Data is initially staged in Amazon S3 which provides high performance storage and supports parquet format to handle massive amounts of data.
Redshift is a very popular AWS database for hosting Data Warehouses. It is highly scalable and a clusted can be spun up in minutes. It provides many ways to partition data as well. Since it is directly licensed by Amazon, no additional licensing costs are incurred apart from the usage fee.
The ETL pipeline is handled by Apache Airflow that is a fairly mature Opensource tool for handling DAGs. It can seamlessly connect to AWS to run ETL at various schedules.



* Propose how often the data should be updated and why.
Data as in the supplied dataset can be loaded on a monthly basis. The SAS files are partitioned by month and are probably available at the beginning of the following month. Initial analysis shows that the monthly volume is around 3 million rows which is pretty small and is easily handled by a 2 node Redshift cluster.


* Write a description of how you would approach the problem differently under the following scenarios:
 * The data was increased by 100x.
 If the data set increases by 100x, that would amount to 300 million rows per month. While this can be easily ingested into a 16 node (or larger) high performance SSD Redshift cluster, resources may not see full utilization after the load is complete. It is best to receive smaller SAS datasets on a daily basis that would amount to 10 million rows and can be efficiently loaded using a 8 node cluster.
 
 * The data populates a dashboard that must be updated on a daily basis by 7am every day.

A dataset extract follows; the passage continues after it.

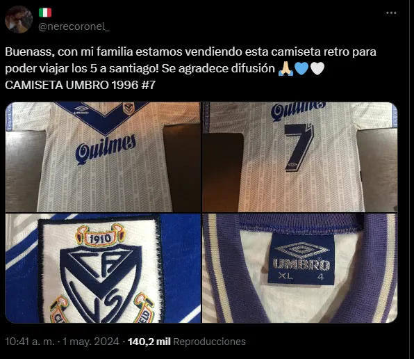 “Yo me hice de Vélez en sus épocas doradas con Bianchi y hoy veo que muchos pibitos de mi edad en aquel entonces lo único que hicieron es comer mierda por así decirlo y se merecen ver a Vélez campeón o por lo menos pelear cosas, como lo marca nuestra historia”, cuenta Diego (@DRa60208), quien publicó una de sus camisetas del Fortín para intentar emprender su aventura al Madre de Ciudades.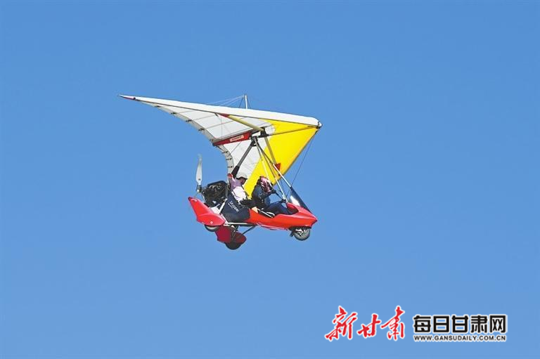 游客在敦煌市鸣沙山月牙泉景区乘坐动力滑翔机。新甘肃·甘肃日报通讯员 张晓亮

 The SLA here is load the dashboard data by 7 am. The Airflow DAG can be set up with a 'sla' parameter setting to ensure loads complete by 6 am to provide some buffer. A 'sla_miss_callback' function can be implemented in the DAG to alery oncall personnel in case the loads do not complete on time. 
 
 * The database needed to be accessed by 100+ people.
 This is a read heavy scenario. 
 A 16 or 32 node Redshift cluster can be created to support 100's of users.
 Depending on the queries, additional summary tables also called cubes can be created as part of the ETL to support summarization queries. 
 Smaller  tables can use the distribution feature and larger tables can use the sorted key feature to store data in the sorted order to  improve query performance for useds.
 Redshift materialized views can also be created to support such summarizations transparaently. 
 If the users need to query detailed data, one or more Cassandra tables can be created based on the user queries on appropriately sized cluster to provide response times of less than a few seconds or less than a second.